Eastern Mongolia is immense. And diverse. And empty. The vast far stretching landscapes are characterised by flat treeless plains, rolling hills and a significant number of important wetlands – the eastern steppe is also home to one of the world’s last great populations of the White Tailed Mongolian gazelle (Procapra gutturosa). The north-east is dominated by the history of Genghis Khan and the mountain-forest steppe of the Khan Khentii Mountains, stretching to the northern border with Siberia. The Secret History of the Mongols states that Genghis Khan was born in Khentii Province at the headwaters of the Onon and Kherlen rivers, near the border of modern Mongolia and Siberia. According to the legend written in the Secret History the Mongols originated in the mountain forest when a Blue-Grey Wolf mated with a Red Doe.
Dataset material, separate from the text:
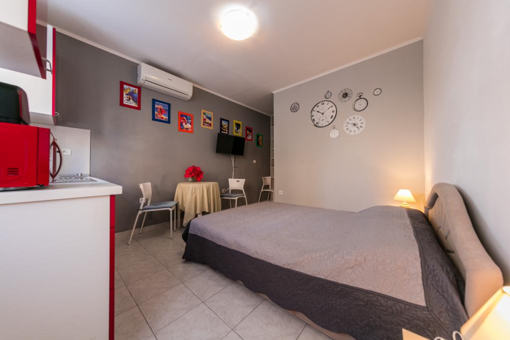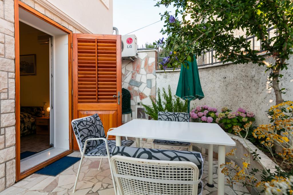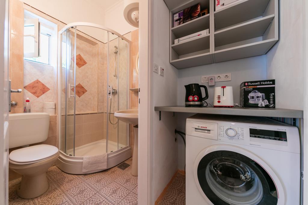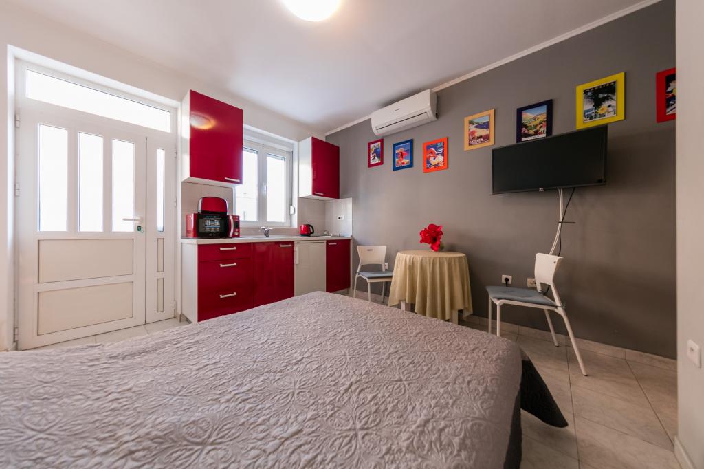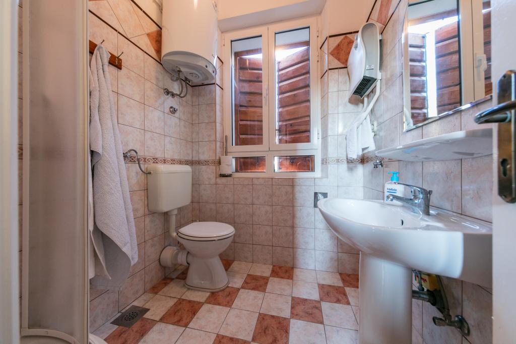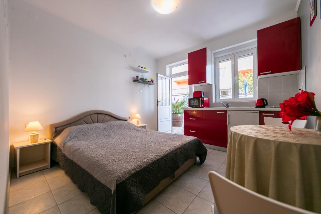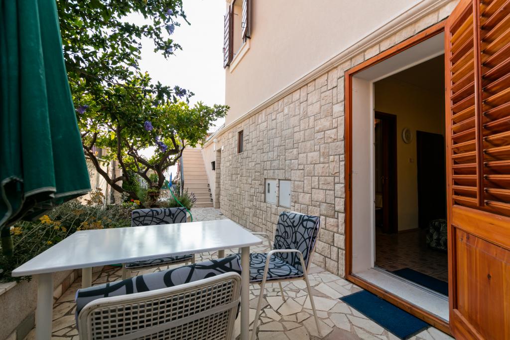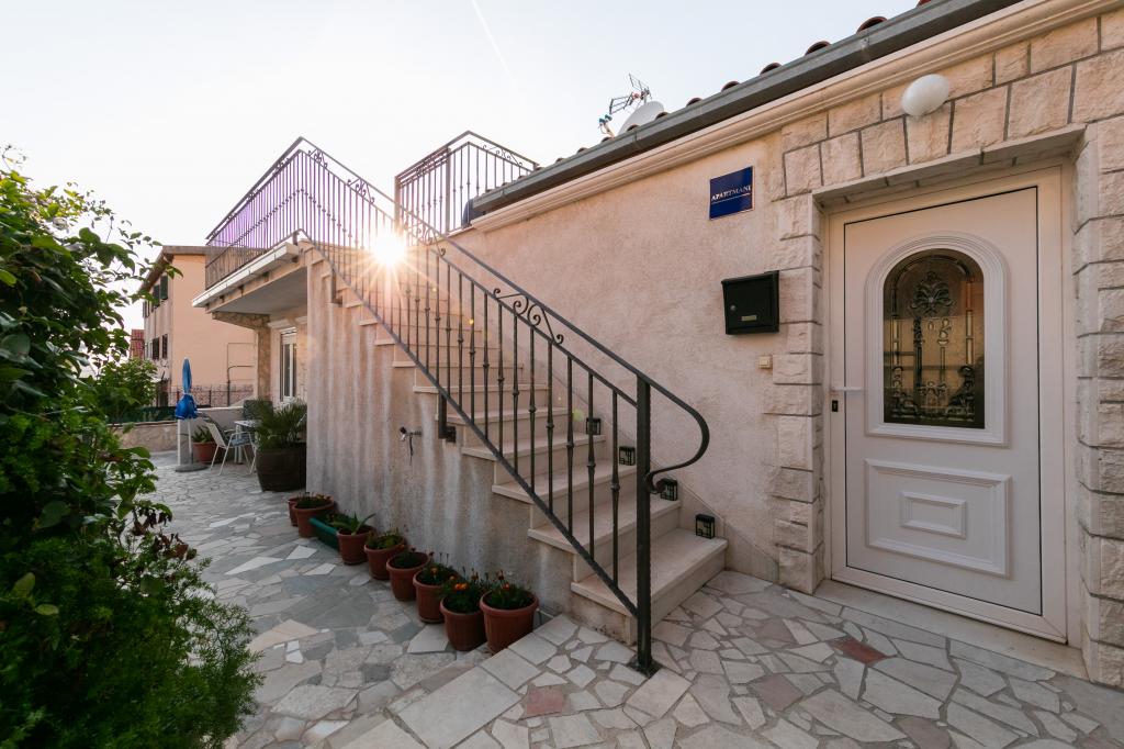 Dom Kastelani został zbudowany jeszcze w 1939 roku, kilkakrotnie remontowany, aw 2016 roku otrzymał fasadę termiczną, dzięki czemu przyjemnie się w nim przebywa podczas upalnych letnich miesięcy. Oferujemy 3 apartamenty i 1 apartament typu studio nazwany imieniem naszych wnuków: Alen, Izabela, Roko i Sofia. Kawalerka Sofia i apartament Alen znajdują się na parterze i są przeznaczone na pobyt dla 2 osób; Apartament Izabela znajduje się na 1 piętrze (2 + 1), a apartament Roko na 2 piętrze (2 + 1). Wszystkie jednostki są klimatyzowane, oferują bezprzewodowy internet, parking publiczny znajduje się 100 m od domu, również parking prywatny (rezerwacja + opłata). Taras do opalania i relaksu znajduje się na poziomie 1 piętra naszego budynku i jest dostępny dla gości 1 i 2 piętra. Apartamenty Kastelani znajdują się w spokojnej okolicy, 300 m od centrum, pięknej plaży "Kamenice" i miejskiej plaży "Lucica" oraz centrum nurkowego B-24.

 Saturday night was spent in Ondorkhan – the provincial capital of Khentii Aimag. Admittedly, it might not be on everyone’s must see list of Mongolia but it provided a room to take shelter from an ever increasing bitter wind as well as a contrast to life out on the open steppe and city life in UB. 

The remote and beautiful Baldan Breevin Khiid in Khentii

We celebrated our last night on the east tour with dinner in the ‘Och’ restauarant (a local recommendation from a delightful lady who wanted to practise her English), finishing off with a couple of hours karaoke. The singing was abysmal (apart from Turuu who always sings well) but for a couple of hours it was ‘rock and roll’ in Ondorkhan – finishing off with a dance on the disco floor of the restaurant (don’t worry, we were the only patrons).

We departed early in the morning for UB, and although we have travelled back on ‘Route One’ (also known as the Millennium Highway, this is Mongolia’s main road connecting east aimags to UB and those in the west) we saw more birds of prey than we did vehicles.


Our home at Toson Hulstai, Dornod

Eastern Mongolia is almost certainly the region of Mongolia least visited by international travellers. The final frontier – it’s a perfect destination for those wanting to gain a genuine insight, travel the road less travelled and in the opposite direction to where most travellers go. It comes highly recommended  whether you choose karaoke or not!